Learning and Using POMDP models of Patient-Caregiver Interactions During Activities of Daily Living

Older adults living with cognitive disabilities (such as Alzheimer's disease or other forms of dementia) have difficulty completing activities of daily living (ADLs). They forget the proper sequence of tasks that need to be completed, or they lose track of the steps that they have already completed. The current solution is to have a human caregiver assisting the patients at all times, who prompts them for tasks or reminds them of their situation. The dependence on a caregiver is difficult for the patient, and can lead to anger and helplessness, particularly for private ADLs such as using the washroom (LoPresti, et al., 2004).

A cognitive orthosis is a system to automate this caregiving process, in order to provide alternative solutions for patients and to reduce caregiver burden (LoPresti, et al., 2004). Such systems would be able to non-invasively monitor the patient, stepping in to provide help in the form of verbal or visual prompts when necessary, and ensuring the health and safety of the patient. Computer vision is an ideal sensor for such a task because it is not invasive, and has the ability to generalise across tasks. This is in contrast to more invasive and interactive monitoring tools such as bracelets, specialised sensors, or call devices, which may require the patient to ask for help, may need to be carried or attached to the patient, and may need to be re-engineered for each task.

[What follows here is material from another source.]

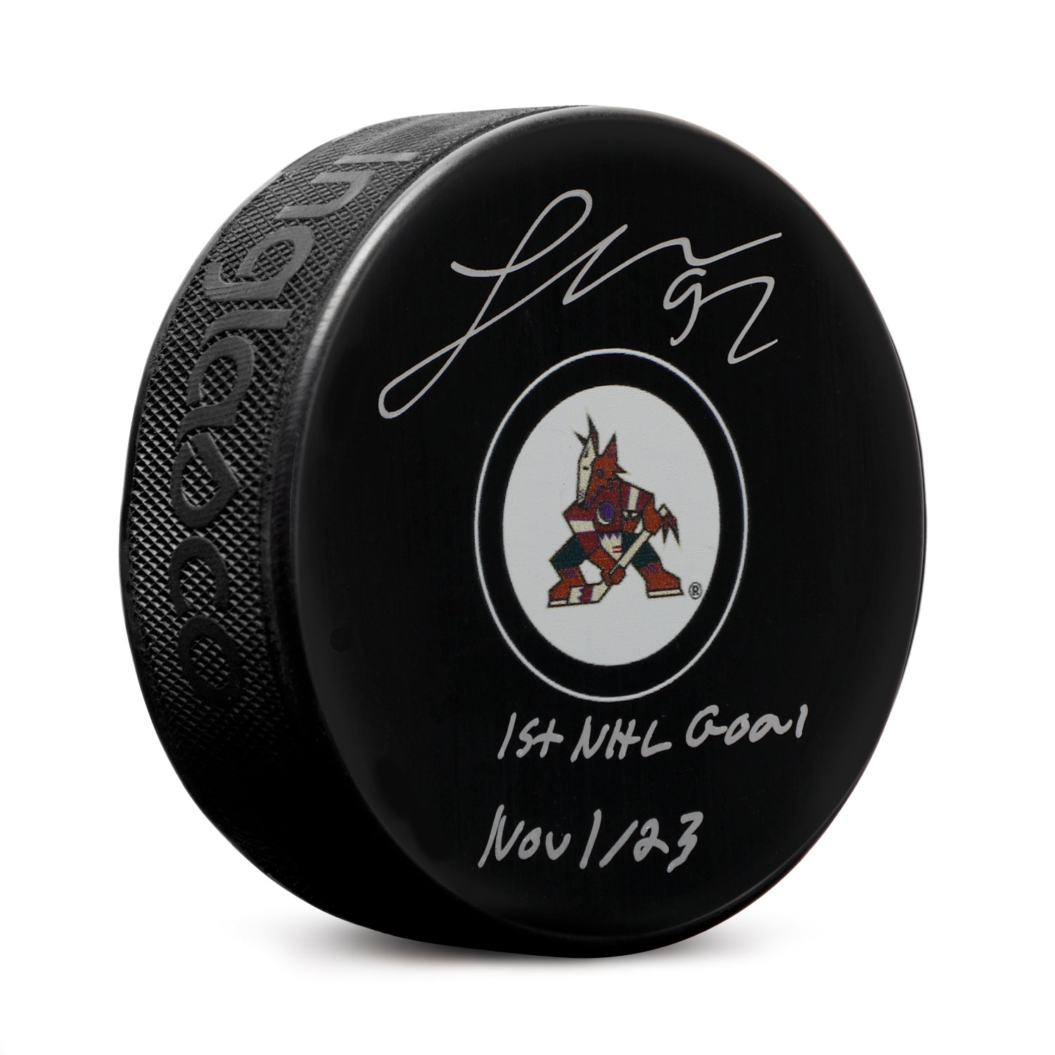 Logan Cooley Arizona Coyotes Signed & Dated 1st NHL Goal Puck

The ultimate goal of a computer-vision based cognitive orthosis for assisting dementia patients during ADLs is to choose a prompting strategy that maximises some notion of utility over the possible outcomes given visual observations of the patient.

Our research focusses on learning models of ADL behavior. The principal benefit of the model we describe is that it does not require patient behaviors to be labeled in video sequences. The learning method discovers the classes of behaviors present in the training data, and what their relationship is to the task state. The burden on human experts for the training of the system is thus reduced, for they only need to provide intermittent annotations of some small number of variables. For example, for handwashing, these variables describe whether the patient's hands are wet, soapy, dirty or clean. After training, the model can be used to infer the task state from unlabeled data by inferring what behaviors are taking place, and how they are advancing (or retarding) the task state. In future, this inference will be used to select appropriate prompting actions. From a computer vision perspective, the features we use must be able to generalise across tasks, contexts, and individuals. Thus, we do not want to engineer features for each ADL, such as, for example, skin color for the detection of hands during handwashing (Mihailidis et al., 2004[6]). Instead, we want features which can be learned from training data in such a way that the recognised behaviors are most useful for predicting state or value.